→ **Work order**
Pictures excluded, output exactly the lines from the one containing "Weiter gehts direkt" through the last line of the listing below.

→ **Information supplied**

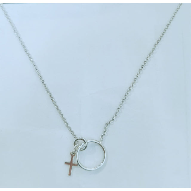 Colier Reglabil din Argint 925 cu Cerc si Cruce, 56 cm
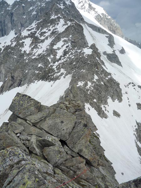 Weiter gehts direkt in der Scharte immer dem Stahlseil nach einmal links einmal rechts. Das Stahlseil ist in diesem extrem Brüchigen und teilweise vereistem Gelände eine erfreuliche Hilfe.
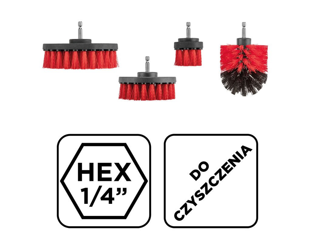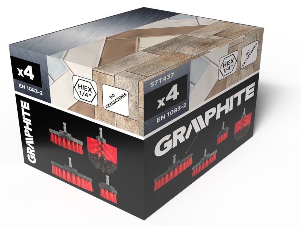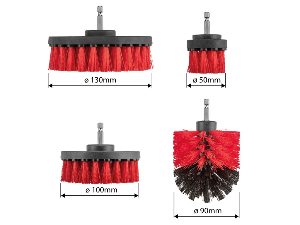 Čistiace kefy na vŕtačku, 4 kusy 57T437 od spoločnosti GRAPHITE sú štyri kefy s priemermi 50 mm, 90 mm, 100 mm a 130 mm. Upevňujú sa pomocou univerzálneho 1/4" skľučovadla HEX. Kefy sú určené na použitie s každou vŕtačkou alebo skrutkovačom. Rôzne tvary hlavíc im umožňujú pracovať na rôznych povrchoch a dosiahnuť do ťažko prístupných miest. Sú vhodné na mokré alebo suché čistenie. Stredne tvrdé štetiny účinne odstraňujú nečistoty bez poškodenia povrchu. Kefy značky GRAPHITE sa používajú v domácnosti, dielni, garáži a aute
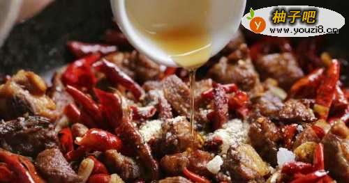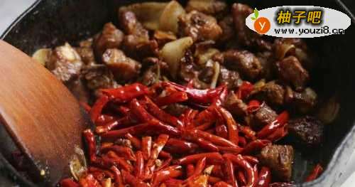 8干红辣椒与排骨混合一起翻炒。
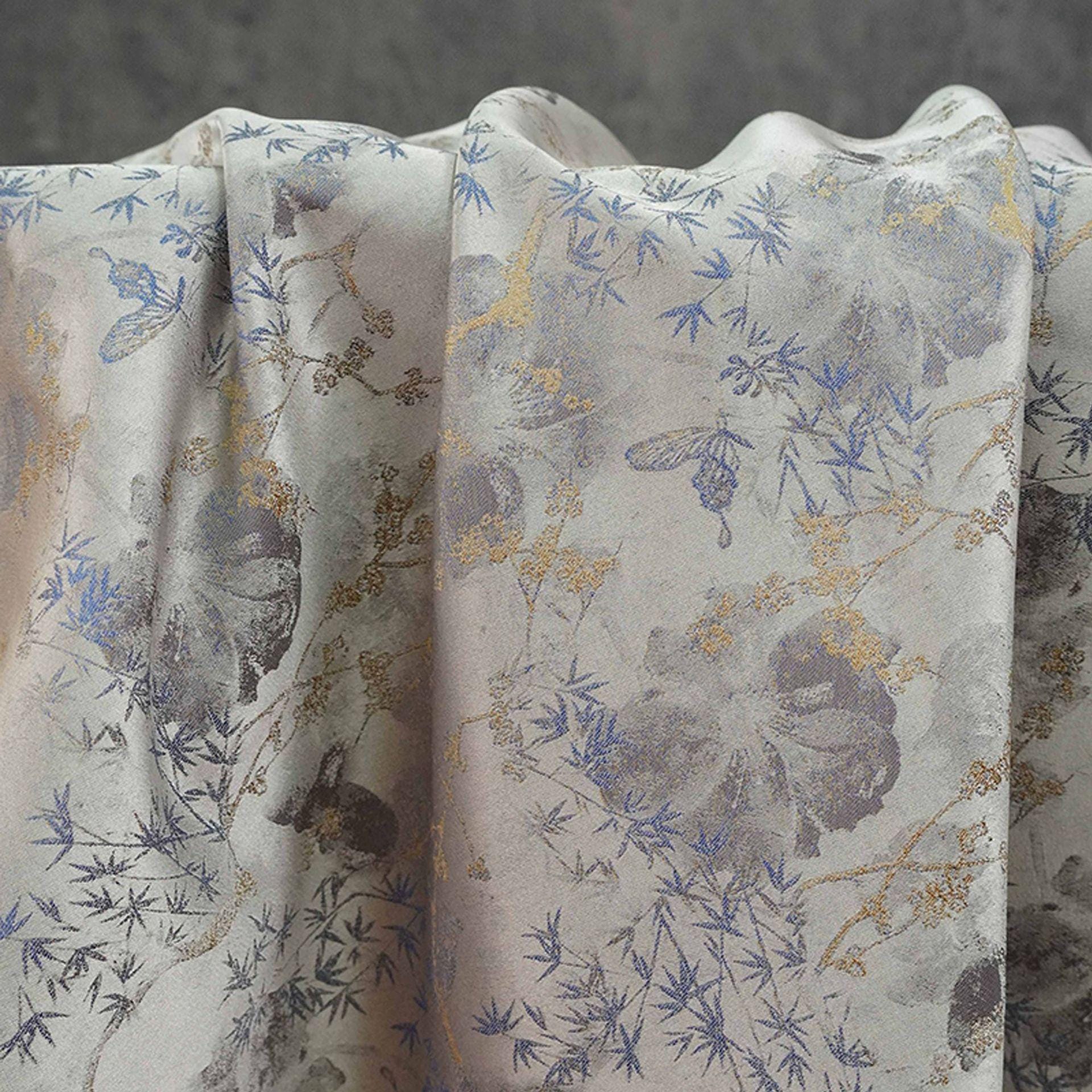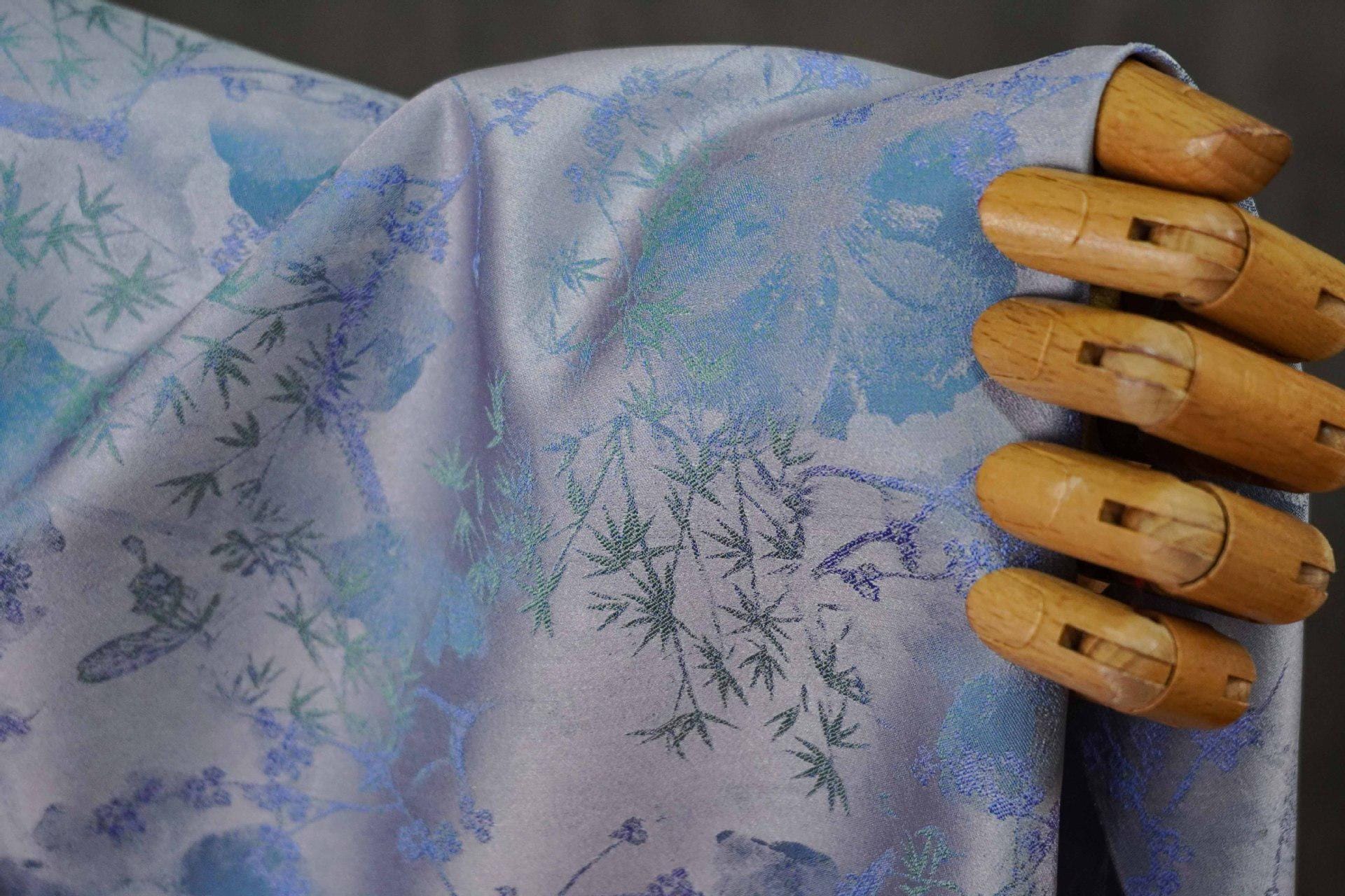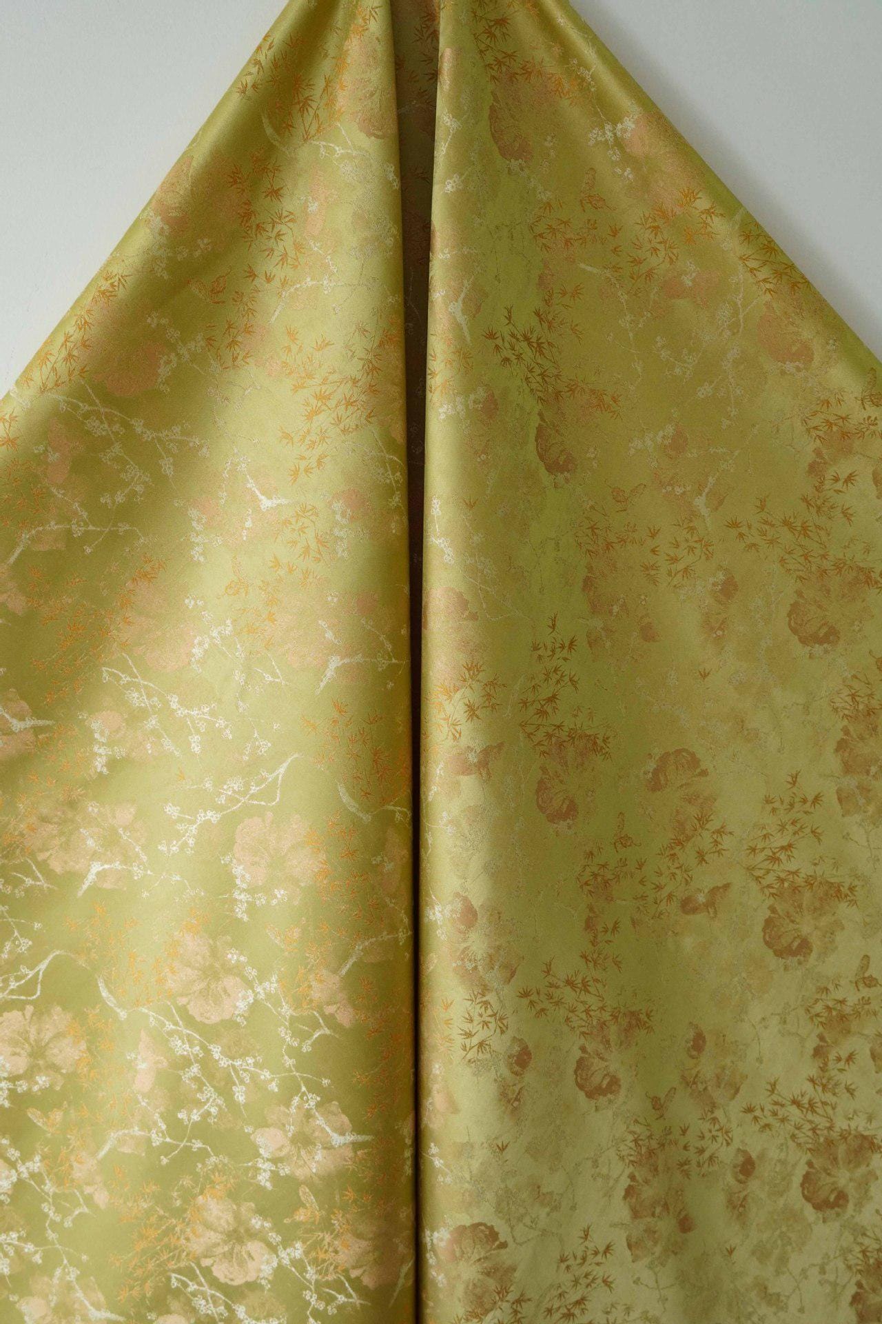 Bamboo Leaf Floral Brocade Fabric – Watercolor Jacquard, 65" Wide

→ **Solution to this task**
 Weiter gehts direkt in der Scharte immer dem Stahlseil nach einmal links einmal rechts. Das Stahlseil ist in diesem extrem Brüchigen und teilweise vereistem Gelände eine erfreuliche Hilfe.
 Čistiace kefy na vŕtačku, 4 kusy 57T437 od spoločnosti GRAPHITE sú štyri kefy s priemermi 50 mm, 90 mm, 100 mm a 130 mm. Upevňujú sa pomocou univerzálneho 1/4" skľučovadla HEX. Kefy sú určené na použitie s každou vŕtačkou alebo skrutkovačom. Rôzne tvary hlavíc im umožňujú pracovať na rôznych povrchoch a dosiahnuť do ťažko prístupných miest. Sú vhodné na mokré alebo suché čistenie. Stredne tvrdé štetiny účinne odstraňujú nečistoty bez poškodenia povrchu. Kefy značky GRAPHITE sa používajú v domácnosti, dielni, garáži a aute
 8干红辣椒与排骨混合一起翻炒。
 Bamboo Leaf Floral Brocade Fabric – Watercolor Jacquard, 65" Wide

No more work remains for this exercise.